You did it! You scrimped and saved and studied and worked and borrowed more money than you ever have in your life, but you did it! You finally finished school. Most likely, you’ve got a few months of grace period to get settled into your new job – hopefully it’s in the field you studied for – and then those student loan payments are gonna start coming do. Plan now to keep your expenses in check while ensuring that managing your education debt is a part of your long term financial plan.

Most people start their borrowing with a Federal Family Education Loan or FFEL. FFELs cover both subsidized and unsubsidized loans, and an FFEL consolidation loan can wrap both of a borrower’s federal loans into a single manageable package. FFEL consolidation programs offer extended repayment terms and fixed rates, and in some cases even those who have been in default in the past can qualify. If you have any federal education debt an FFEL consolidation loan should be the first place you look.

In addition to traditional federally funded loans, many students finance their advanced education with a variety of private loans. Private consolidation of these loans offers borrowers many of the same benefits as federal consolidation – fixed rates, longer terms, and lower payments. Conditions may be stricter for a private consolidation and you cannot usually combine private and federal loans under a single consolidation package. You may end up with two consolidation loans, one for your federal debt, and one for private; be sure to shop around for the best rates.

Many parents use the PLUS loan program to borrow for the children’s education. PLUS loans can be consolidated using a PLUS consolidation program much which offers similar benefits and potential pitfalls of FFEL and private consolidation – fixed rates, and lower payments spread over a longer term.
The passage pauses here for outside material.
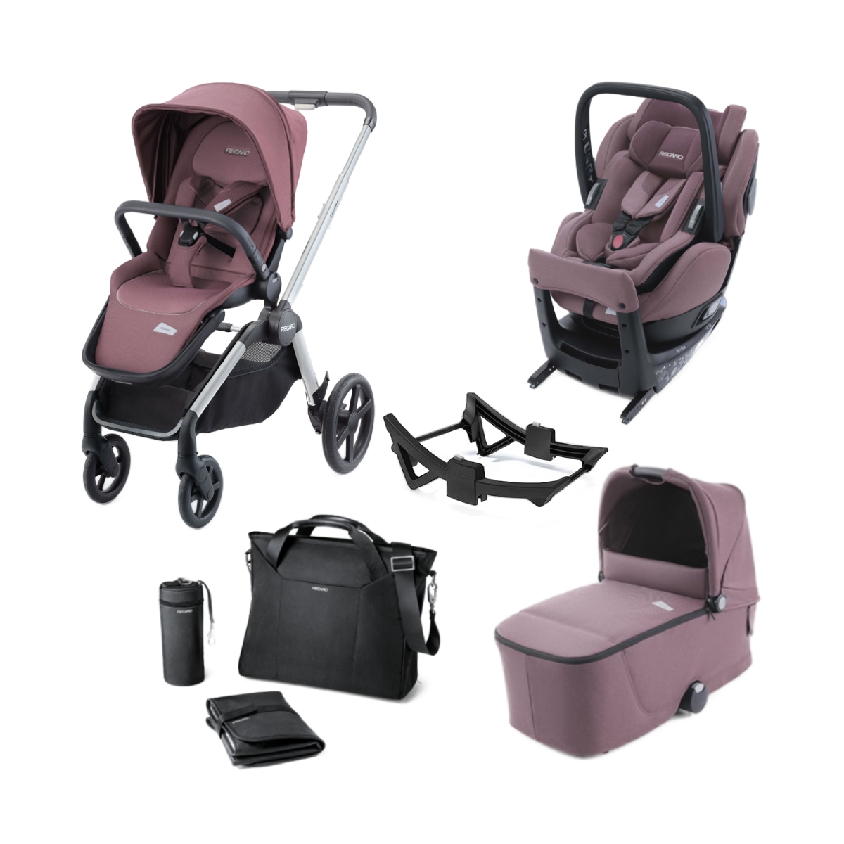 This Package Includes: Recaro Celona Chassis Recaro Celona Seat Unit Recaro Celona Carrycot Recaro Salia Elite i-Size Group 0+/1 Car Seat Recaro Changing Bag Recaro Car Seat Adapters Recaro Raincover Recaro Celona Pushchair: The family will enjoy adventures together with the Recaro Celona 8 Piece Bundle. The Celona stroller is the perfect everyday companion. Even on rough terrain, the Celona is practical and easy to manoeuvre. The large rear wheels and outstanding suspension ensure that every trip is as comfortable as possible. Your child will rest easy in the ergonomic seat, the integrated headrest establishes the sensitive head and provides additional comfort. Recaro Celona Chassis Features: Height-adjustable handle: Can be ergonomically adjusted to any body size Puncture-proof wheels: The maintenance-free, foam-filled wheels are easy to look after and can take on any terrain, be it asphalt, gravel or park paths Flip-flop brakes: Brakes can be operated with all types of shoes or barefoot Swivelling front wheels: Simple manoeuvring thanks to lockable 360-degree swivelling wheel Detachable wheels: For an even more compact folded form Extra-large shopping basket: Easily accessible extra-large shopping basket with up to 5kg capacity Reflectors: Improved visibility for more safety in the metropolitan jungle in low light conditions Recaro Celona Seat Unit Features: 5-point harness: With additional shoulder and crotch pads ? soft material for extra comfort Smart harness system Strapping in your child is made easier thanks to the harness buckle and shoulder straps, which jump forward and stay open when the child is removed Patented HERO safety system: A single unit compromising shoulder pads, shoulder straps and headrest prevents the harness from twisting and slipping Bumper bar: Can be turned to one side and opened on both sides to aid placing the child in the buggy Air ventilation system: Smart openings in the outer shell and mesh inserts in the seat cover allow for con

Plus loan consolidations are great for some people but parents need to take a good look at all of their options before consolidating.

There are many alternative ways of consolidating education financing. For homeowners a second mortgage may provide a better solution to a consolidation loan giving the borrower the option to put of their education loans into a single package. Private loans from family members are another way some grads handle their finances, and for a lucky few, some employers even offer tuition reimbursement programs.

New technologies have come to the lending world where the idea of peer-to-peer programs and micro-financing has taken root. Peer to peer financing allows the borrower to present a request for funding to a group of potential “micro-investors” who then bid on the loan by offering different rates and terms. Once a deal is struck the network services the loan, ensures payments are made and the necessary paperwork is taken care of. For borrowers with needs outside the comfort zone of traditional banks a P2P loan may help them get started down the path to getting their loans paid off.

Making the transition from school life to your career is a road with more than its share of lessons and challenges. Having to make large student loan payments on an entry level salary while trying to save cash for a professional wardrobe, deposits on housing, and other “grown-up” essentials is enough to stop that progress dead in its tracks. There are many things to consider when applying for a consolidation, but knowing that you have options available can help make your transition manageable.